Similar information was contained in an anonymous letter addressed to the editor-in-chief of the newspaper Versiya:
“I am a prosecutorial investigator who worked at Dubrovka during the terrorist attack. I would like to reply to some of the questions you raised in issue 45 (November 18-24) …
With regard to the explosives: not all the explosives were operational. Most of them were dummies, and although the one that the women were wearing was operational, it wasn’t in working order. What’s more, all of this was known to headquarters, as audio and video of the guerrillas was coming through from surveillance devices right from the very first day. And another thing – Russian passports with return tickets were found on the bodies of the dead guerrillas, and this too was known before the assault on the building.”

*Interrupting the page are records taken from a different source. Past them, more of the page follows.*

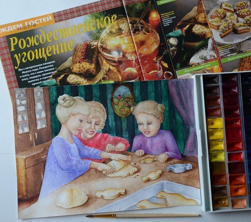 В гостях у бабушки всегда интересно, особенно когда бабушка учит внучек шить, вышивать или печь что-нибудь вкусное)) Именно об этом эта картина акварелью. Рисунок можно оформить в паспарту или просто под стекло.
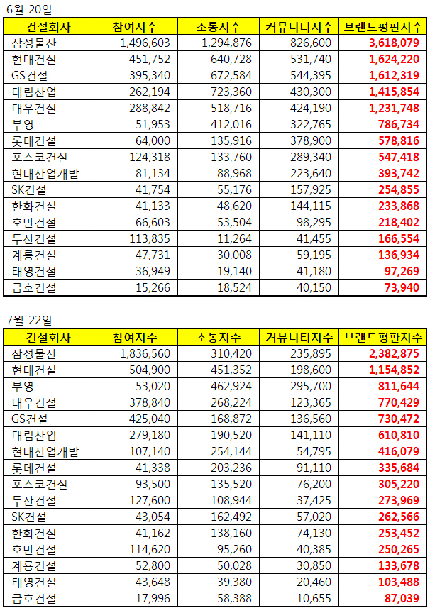 국내 건설회사 브랜드에 대한 소비자 평판 7월 조사결과...삼성물산 1위, 현대건설 2위로 분석되었다.
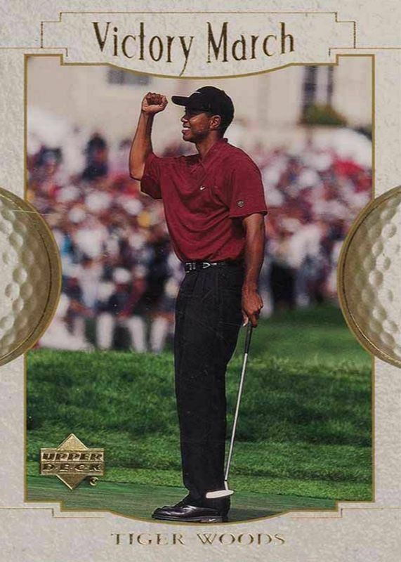 The Tiger Woods 2001 Upper Deck #151 Victory March Rookie card is currently the 7th most trending card in Golf.
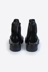 Yağmurlu günlerde tarzından ödün verme. Parlak siyah dış yüzeye sahip bu kadın Chelsea yağmur botu, suya dayanıklı yapısı sayesinde kuru kalmanı sağlar. Kalın, dişli tabanı ile ıslak zeminlerde güçlü tutuş sunarken, esnek yan paneller kolay giyim imkânı verir.
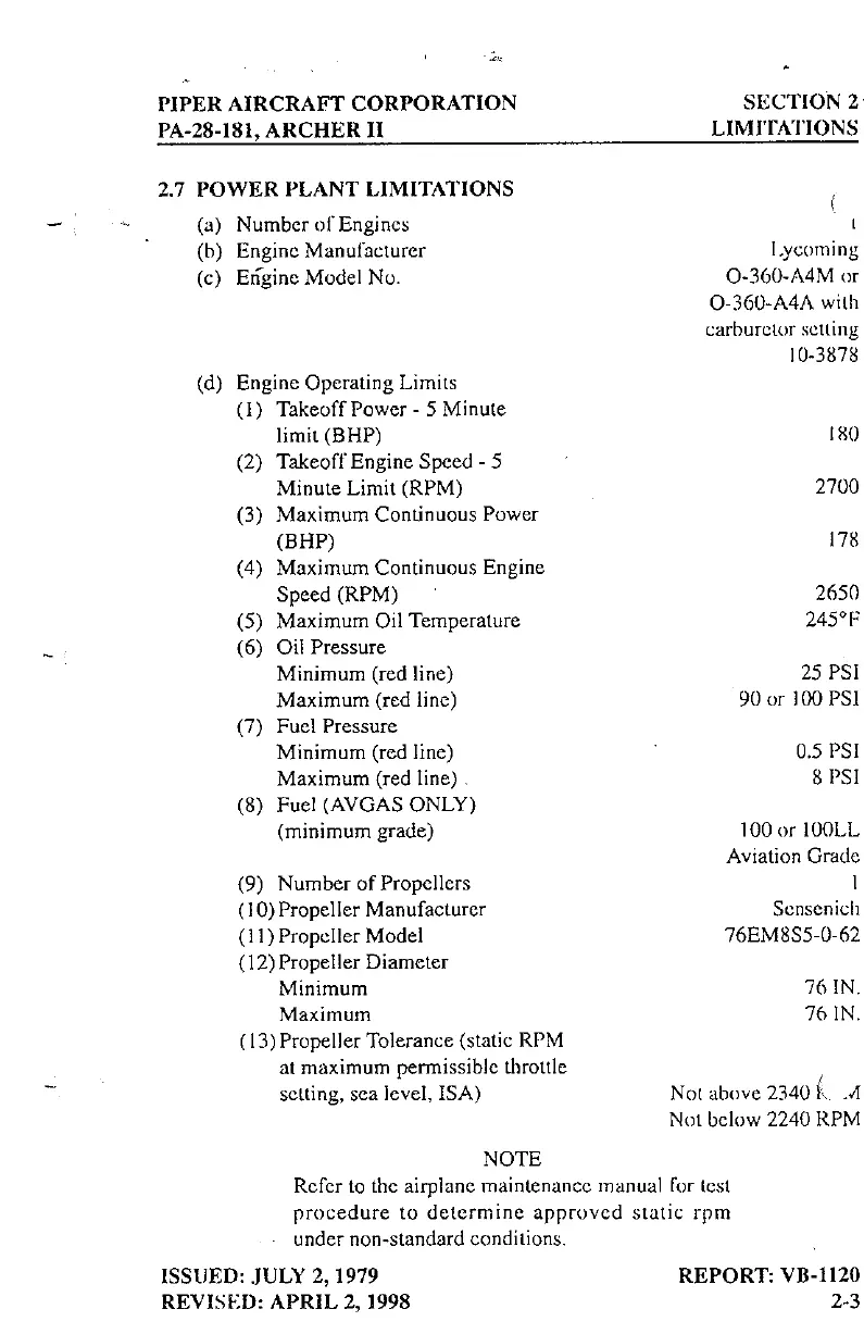 Piper ARCHER II - Power Plant Limitations

Information on the use by terrorists of dummy explosive devices is confirmed in the book Brides of Allah by journalist Yuliya Yuzik, who cites an anonymous FSB lieutenant and lieutenant colonel in this connection.
The authorities have reacted rather nervously to attempts by others to make an independent inquiry. Andrei Soldatov and other Versiya journalists have repeatedly been hauled in for questioning by the FSB. Yuliya Yuzik was expelled from Chechnya with the threat that she would disappear without trace if she returned to the republic. Her book Brides of Allah was rather quickly banned for sale in Russia. (Incidentally, those who wish to can talk to the journalist in person on her Internet blog).
An impartial investigation into the Dubrovka terrorist attack and the massive loss of life that occurred during the hostages’ release is not in the interests of a large number of Russian officials, including some at the highest levels of government. However, former hostages and relatives of those who died have not given up hope of compelling the Russian officials who were responsible for what happened to testify before the European Court of Human Rights in Strasbourg.